Banking: Big Little Lenders
Robert Kerley used to keep his money with a big national bank, and every time he visited his branch, he felt like a walking account number. Tellers rarely greeted him by name, as he had come to expect in Winona, Minn., a town of 27,000 where people tend to know one another. And despite being a longtime customer, he would be fingerprinted with invisible ink when he wanted to make multiple transactions.
A supervisor at a small electronics firm, Kerley, 42, was looking for a homier bank when his teenage son told him about a community credit union called Affinity Plus. Kerley had never heard of it. But he joined, and he now sees no reason to bank elsewhere. "I pay lower fees and get better interest rates," he says. "And they don't ask for my fingerprint."

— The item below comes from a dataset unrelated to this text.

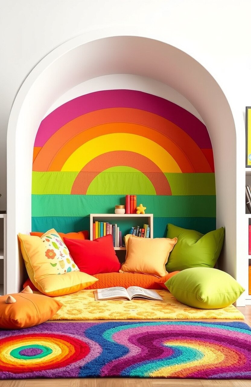 A rainbow reading nook is a cozy spot filled with colorful pillows and rugs, where kids can escape into a world of books. It encourages reading by making it a fun and inviting activity.

Thanks in good measure to disenchanted bank customers like Kerley, the fortunes of credit unions have turned for the better. Long content to quietly serve a single workplace or small community, credit unions had emphasized friendly customer service while seeming oblivious to shifting customer needs. Recently they have realized that they must evolve and grow--or perish--and many are meeting the challenge with services such as online banking and a nationwide ATM network. Federal rules intended to promote the industry's expansion recently took effect and should enable credit unions to compete even better against banks.
With $570 billion in assets, up 29% in the past two years, credit unions have grown at about four times the rate of the $8 trillion commercial-banking industry. And as credit unions have steadily consolidated, membership has risen annually, to 83 million clients today. "Banks take the consumer for granted--and for an awful lot of money," says Dan Mica, president of the Credit Union National Association, the industry's largest trade group. "They are tacking on fees and have less interest in serving small businesses than they used to. We're filling the vacuum."
If you're confused about what a credit union is, you're not alone. The institutions, which date to the mid-1800s, took off during the Great Depression as not-for-profit, tax-exempt organizations through which workers in a company could pool their savings to qualify for loans for cars and other big-ticket items. About 10,000 exist today. The Navy's is the nation's largest, with 1.25 million members, while some have fewer than 500 members. Roughly 60% of credit unions are federally chartered (the rest have state charters) and supervised by the National Credit Union Administration. Nearly all, including state-chartered credit unions, are federally insured. Most provide the basics (checking and savings accounts, credit cards and home and car loans), and they tend to offer lower fees and loan rates than banks, and higher returns on deposits.
Until recently, the trade-off for such goodies was that most credit unions were less convenient in some ways than banks. But many today offer nationwide ATM access through a surcharge-free network formed with other credit unions (most also offer ATM access through commercial banks' networks). Moreover, as banks have raised fees to shore up profits in a weak economy, credit unions seem to be benefiting from a consumer backlash.